━━━ Data section ━━━

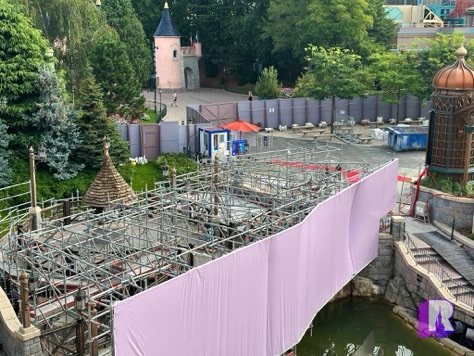 À Fantasyland, de nouvelles sections de pavés ont été dévoilées, bien que leur qualité rende leur nettoyage visiblement difficile.
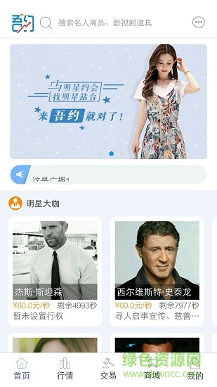 吾约APP是一款集明星时间交易、明星同款商品、影视道具抢购、票务系统、项目专区等功能为一体的综合性服务平台,这里汇集了影视明星、体育明星、网红等重量级大咖,您可以投资心仪的明星,让他的时间为您创造更高的价值。
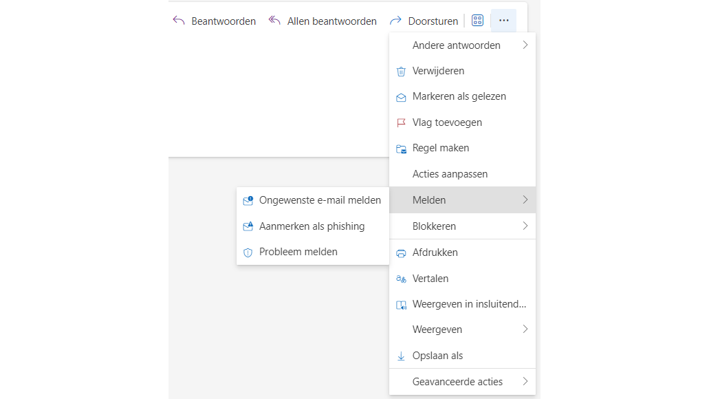 Ook de webversie van Outlook biedt functies om ongewenste e-mails te beheren. Open een spambericht en klik op de drie puntjes voor opties als Ongewenste e-mail melden, Aanmerken als phishing en Probleem melden. Door een bericht als ongewenst te markeren, verplaats je het naar de map Ongewenste e-mail, waar het na tien dagen wordt verwijderd. De andere opties sturen een kopie naar Microsoft voor analyse. Bij Probleem melden moet je een specifieke reden aangeven, zoals Seksueel ongepast of Inbreuk op auteursrecht.
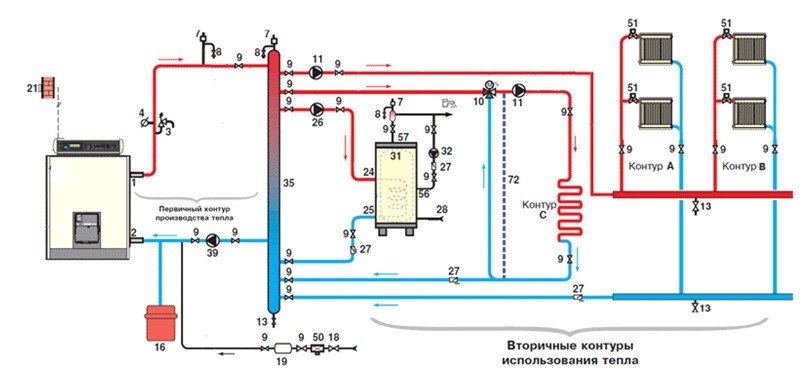 - Подвод системы ГВС. В системе отопления с твердотопливным котлом бойлер удобнее всего разместить непосредственно в котельной. Но тогда для подачи нагретой воды в помещения понадобиться отдельный насос и устройства управления к нему;

━━━

Problem to work on: Write out the lines from the start of the material to the line with "吾约APP是一款集明星时间交", inclusive and exactly. Skip the pictures.

Answer to this problem:
 À Fantasyland, de nouvelles sections de pavés ont été dévoilées, bien que leur qualité rende leur nettoyage visiblement difficile.
 吾约APP是一款集明星时间交易、明星同款商品、影视道具抢购、票务系统、项目专区等功能为一体的综合性服务平台,这里汇集了影视明星、体育明星、网红等重量级大咖,您可以投资心仪的明星,让他的时间为您创造更高的价值。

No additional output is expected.